Fig. 1 is a side view showing the running cutting device according to the present invention, Fig. 2 is a plan view showing the guide reservoir, Fig. 3 is a side view of the guide reservoir, and Fig. 4 is a running speed variation in the conventional device. Waveform diagram showing the situation. FIG. 5 is a waveform diagram showing the traveling speed fluctuation situation in the device of the present invention. 1... Pipe making machine, 3... Running pipe, 5... Speed detection section, 6... Cutting machine, 14... Guide reservoir section, 15...
Speed regulating section, 16... Support stand, 17... Support body, 18
...Guidance board, 19...Bolt, 20...Movable element,
21...Natsuto, 22...Tatsuchirola, 23...
...Support roller, 24...Flywheel, 25...
...Lever, 26...Spring, 27...Adjustment screw.

Claims (1)

[Scope of utility model registration request] A pipe-making machine, a speed detection device that detects the running speed of the running pipe fed out from the pipe-making machine, and a drive motor that is driven and controlled by the signal detected by the speed detection device, and is movable in parallel with the running pipe.

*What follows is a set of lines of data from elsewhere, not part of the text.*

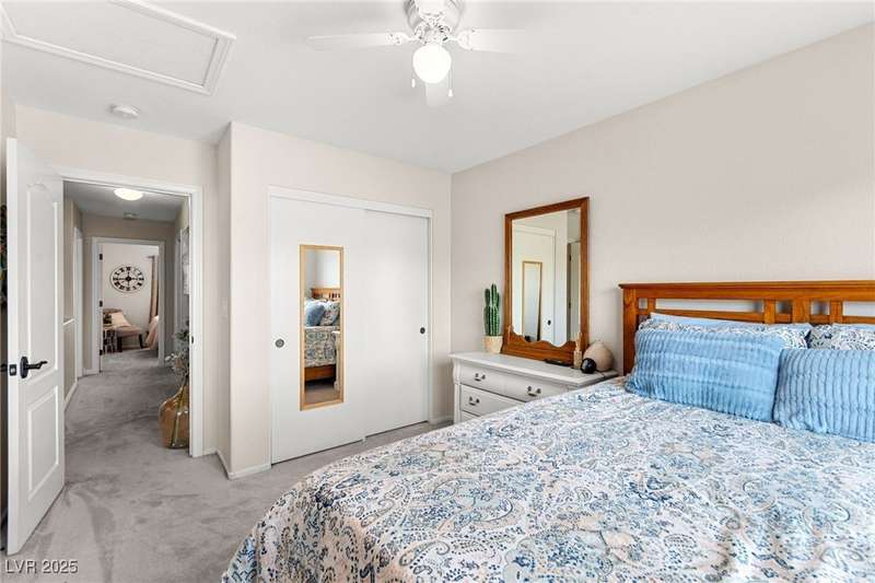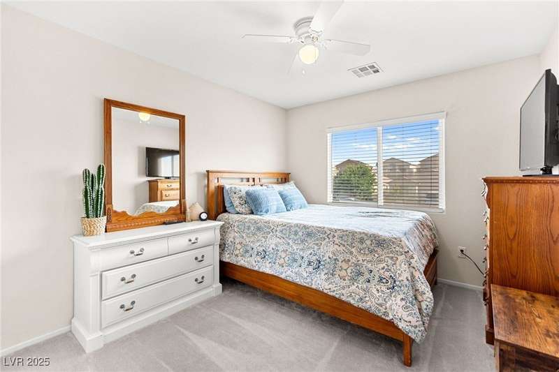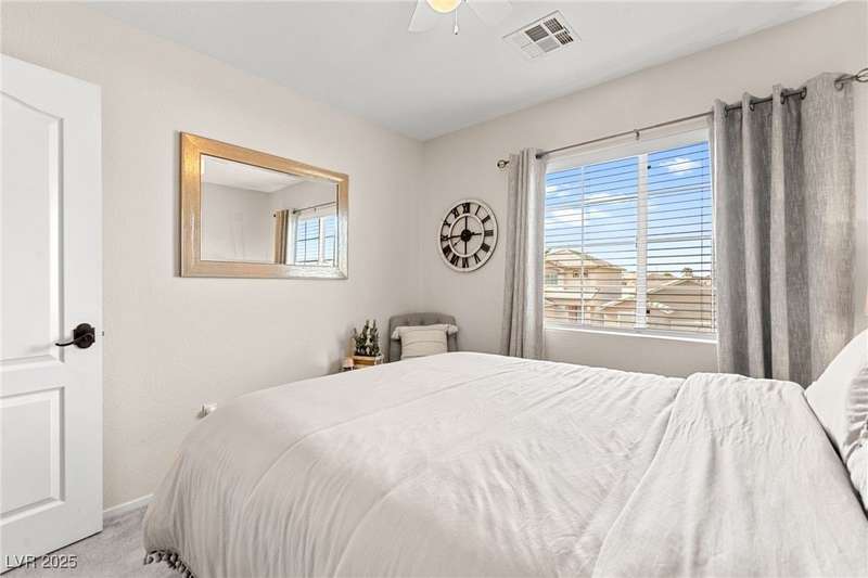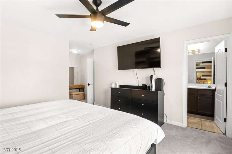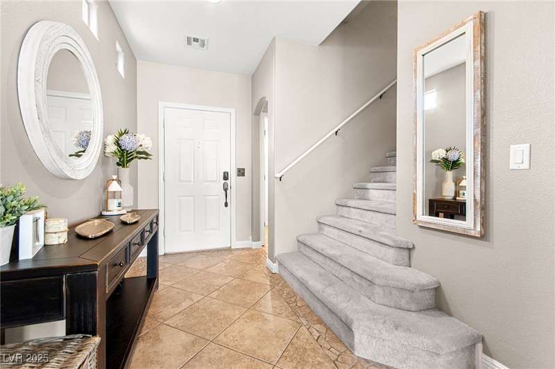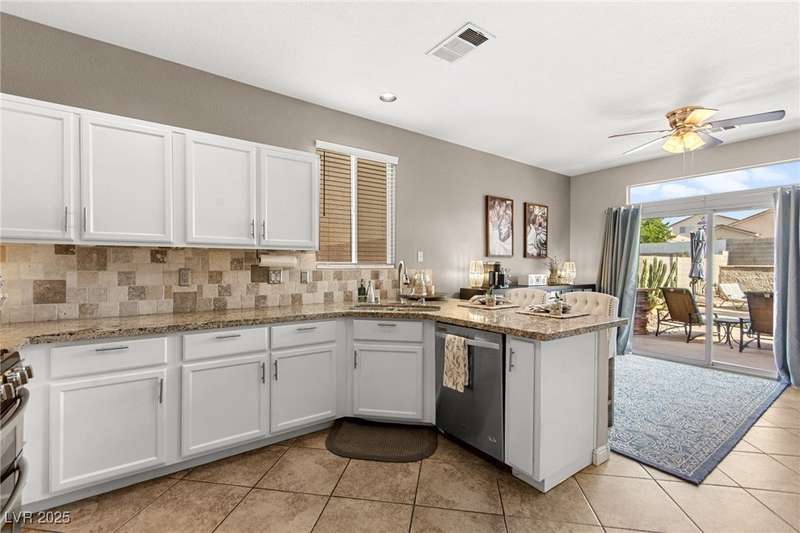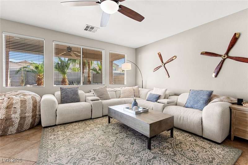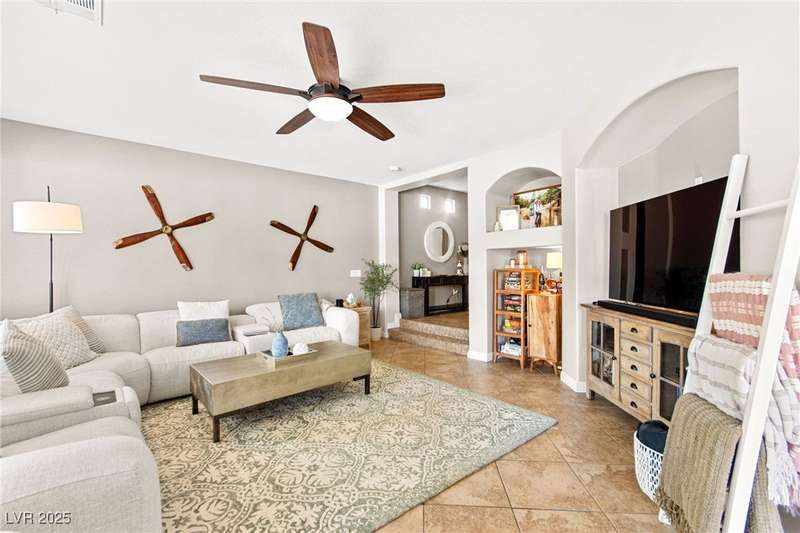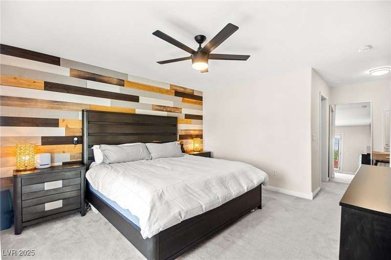 Located on a deep lot with no rear neighbors in the desirable Canyon Trails community, this bright and airy home offers the perfect mix of comfort, privacy, and upgrades. The resort-style backyard includes a pool, spa with waterfall, built-in BBQ, and covered patio, surrounded by low-maintenance desert landscaping. Inside, natural light flows through open living spaces. The updated kitchen features granite counters, custom backsplash, stainless steel appliances, a glass double-door pantry, and a breakfast bar. Upstairs, the owner’s suite includes a custom walk-in closet, modern ensuite bath, and French doors to a private balcony with mountain views. All bedrooms have ceiling fans, and the home’s paid-off solar panels help reduce energy costs. Conveniently located near Durango Station, Wet N Wild, shopping, dining, and freeway access—this home offers privacy, style, and everyday convenience. Don’t miss your chance to make it yours!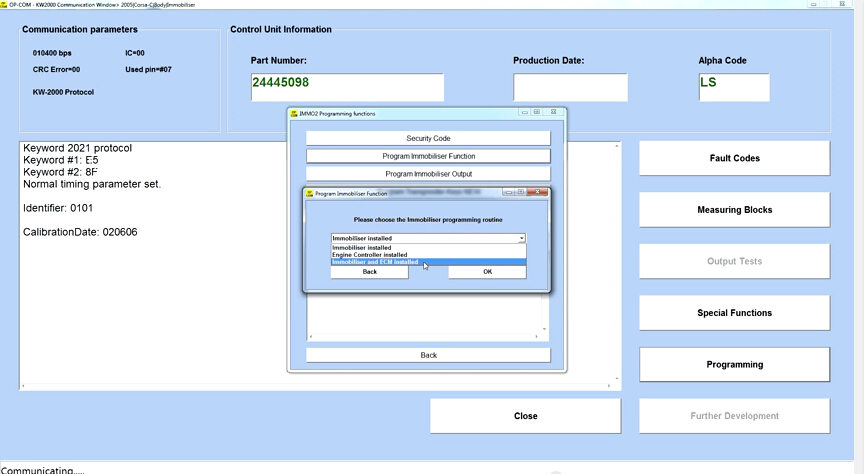 For example, select Program Immobilizer Function, choose Immobilizer installed from the drop-down list
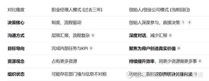 当前智能汽车行业技术(尤其是AI)快速迭代、格局未定,这正需要创业公司的敏捷和高效,而非稳定环境下运行的职业经理人体系。核心转变对比如下: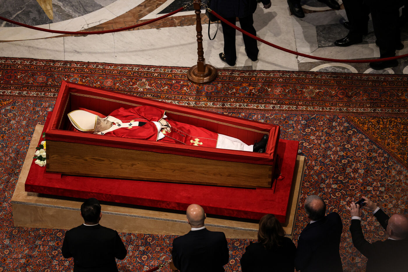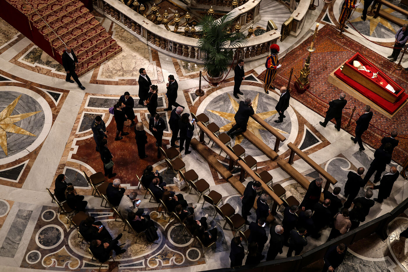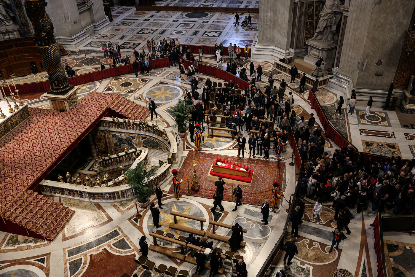 Les fidèles rendent hommage au corps du pape François à la basilique Saint-Pierre, après la mort du pape, au Vatican, le 24 avril 2025.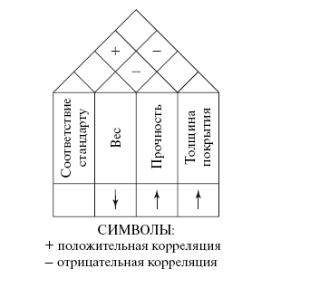 Решая вопрос о целесообразности изменений, нужно обратить внимание и на крышку «домика» – взаимную корреляцию технических требований. Да, требование, например, № 5 неважно для потребителя и технически сложно реализуемо. Но оно коррелировано, например, с требованием № 14, которое для потребителя очень важно. Стало быть, придется совершенствовать и его. И все хорошо, если направленность изменений одинакова, а корреляция – положительная. А вот если она отрицательная – возникает ситуация, которую специалисты называют техническим противоречием. Его разрешение потребует значительных усилий со стороны проектировщиков – нужно увеличивать сроки и бюджет проекта. Методы разрешения таких противоречий рассмотрены в главе 4.

In the running cutting device, the running pipe is equipped with a cutting machine and automatically cuts the running pipe into predetermined dimensions while the cutting machine moves in synchronization with the running of the running pipe. A support for movably supporting the pipe is provided, a guide reservoir is provided on both sides of the support in the longitudinal direction with guide plates whose intervals can be adjusted freely, and between the guide reservoir and the cutting machine, A running cutting device characterized in that it is provided with a speed regulating section consisting of a touch roller that presses against the running pipe and a flywheel that can be detachably and coaxially connected to the touch roller.